|
|
|
|
|
by lmeyerov
383 days ago
|
|
> But why? In the world you're positing where these queries are sold at negative margins and don't provide any other tangible benefit (i.e. cannot be used for training), the provider would be even better off not serving those queries. Or, more likely, they'd raise prices such that this traffic has positive margins, and they receive just enough for optimal batching. ... But scale from these specific workloads is only valuable because these workloads are already profitable I'm disputing this two-fold: - Software tricks like batching and hardware like ASICs mean what is negative/neutral for a small or unoptimized provider is eventually positive for a large, optimized provider. You keep claiming they cannot do this with positive margin some reason, or only if already profitable, but those are unsubstantiated claims.
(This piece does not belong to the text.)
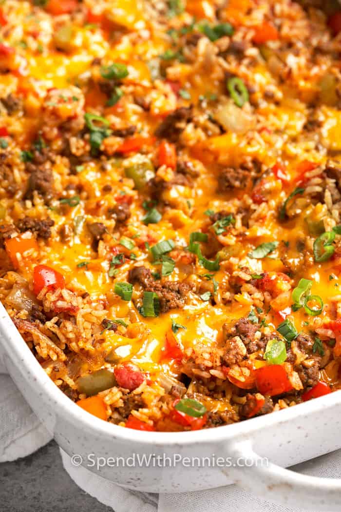 Con queso y carne con un sabor ácido de salsa casera para tacos, ¡esta cacerola tiene el equilibrio perfecto de carne molida, chile, arroz y queso!

Conversely, I'm giving classic engineering principles why they can keep driving down their COGS to flip to profitability as long as they have capital and scale. This isn't selling $1 for $0.90 because there is a long way to go before their COGS are primarily constrained by the price of electricity and sand. Instead of refuting this... You just keep positing that it's inherently negative margin. In a world where inference consumption just keeps going up, they can keep pushing the technology advantage and creating even a slight positive margin goes far. This is the classic engineering variant of buttoning margins before an IPO: if they haven't yet, it's probably because they are intentionally prioritizing market share growth for engineering focus vs cost cutting. - You are hyper fixated on tokens, and not that owning a large % of distribution lets them sell other things . Eg, instead of responding to my point 2 here, you are again talking about token margin. Apple doesn't have to make money on transistors when they have a 30% tax on most app spend in the US. |
|
I think deepseek instead just showed they haven't really bothered yet. They rather focus on growing, and capital is cheap enough for these firms that optimizing margins is relatively distracting. Obviously they do optimize, but probably not at the expense of velocity and growth.
And if they do seriously want to tackle margins, they should pull a groq/Google and go aggressively deep. Ex: fab something. Which... They do indeed fund raise on.